Saved data entries
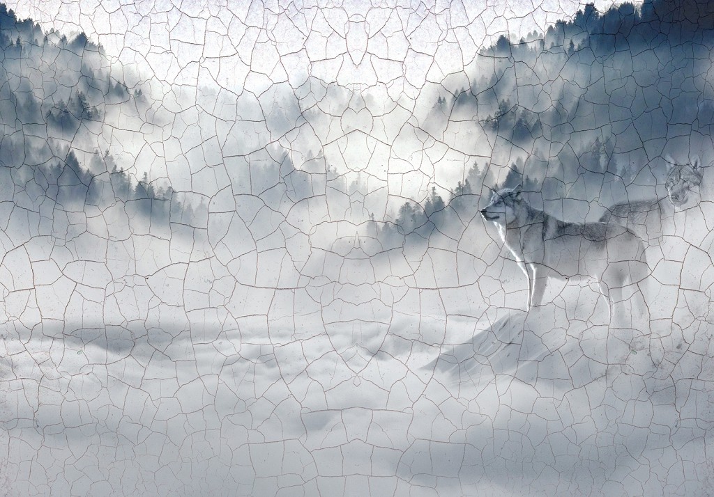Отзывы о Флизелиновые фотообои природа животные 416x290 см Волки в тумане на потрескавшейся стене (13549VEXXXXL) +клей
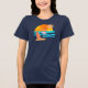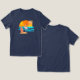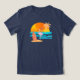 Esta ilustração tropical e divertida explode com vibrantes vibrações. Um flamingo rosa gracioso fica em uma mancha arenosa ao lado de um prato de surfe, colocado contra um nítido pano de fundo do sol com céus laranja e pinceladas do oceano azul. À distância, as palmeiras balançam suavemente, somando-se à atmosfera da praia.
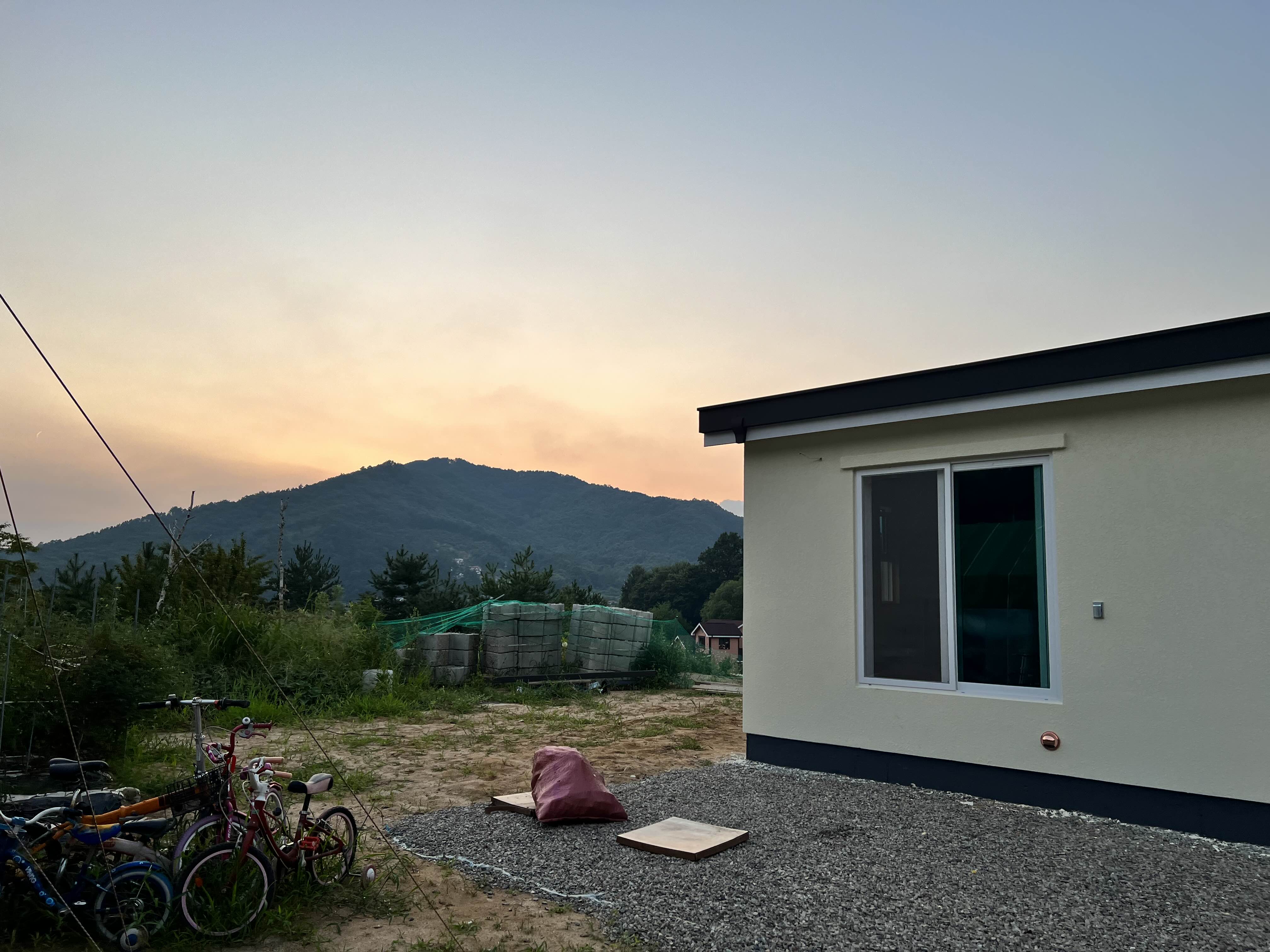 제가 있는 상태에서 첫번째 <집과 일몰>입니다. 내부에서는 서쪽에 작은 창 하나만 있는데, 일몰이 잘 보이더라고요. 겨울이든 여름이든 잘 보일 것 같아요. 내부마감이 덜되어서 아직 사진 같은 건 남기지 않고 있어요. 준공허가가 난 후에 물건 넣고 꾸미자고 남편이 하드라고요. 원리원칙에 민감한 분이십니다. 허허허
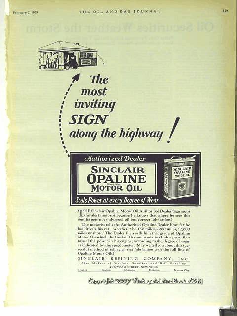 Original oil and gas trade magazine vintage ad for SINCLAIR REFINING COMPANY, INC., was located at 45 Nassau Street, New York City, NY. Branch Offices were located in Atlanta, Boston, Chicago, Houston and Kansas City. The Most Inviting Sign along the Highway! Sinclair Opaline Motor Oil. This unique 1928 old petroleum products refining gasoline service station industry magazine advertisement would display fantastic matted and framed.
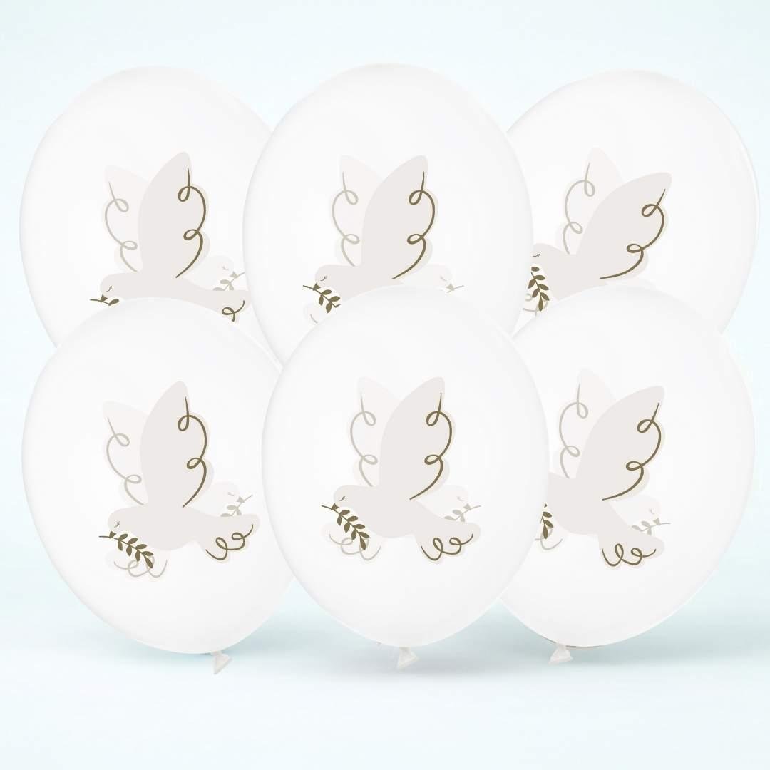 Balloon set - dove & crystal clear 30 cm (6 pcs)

- PROBLEM DETAILS -
Leaving the pictures aside, transcribe exactly the lines from the one containing "제가 있는 상태에서 첫번째" to the final line of the entries above, both ends included.

- RESULT OF THIS TASK -
 제가 있는 상태에서 첫번째 <집과 일몰>입니다. 내부에서는 서쪽에 작은 창 하나만 있는데, 일몰이 잘 보이더라고요. 겨울이든 여름이든 잘 보일 것 같아요. 내부마감이 덜되어서 아직 사진 같은 건 남기지 않고 있어요. 준공허가가 난 후에 물건 넣고 꾸미자고 남편이 하드라고요. 원리원칙에 민감한 분이십니다. 허허허
 Original oil and gas trade magazine vintage ad for SINCLAIR REFINING COMPANY, INC., was located at 45 Nassau Street, New York City, NY. Branch Offices were located in Atlanta, Boston, Chicago, Houston and Kansas City. The Most Inviting Sign along the Highway! Sinclair Opaline Motor Oil. This unique 1928 old petroleum products refining gasoline service station industry magazine advertisement would display fantastic matted and framed.
 Balloon set - dove & crystal clear 30 cm (6 pcs)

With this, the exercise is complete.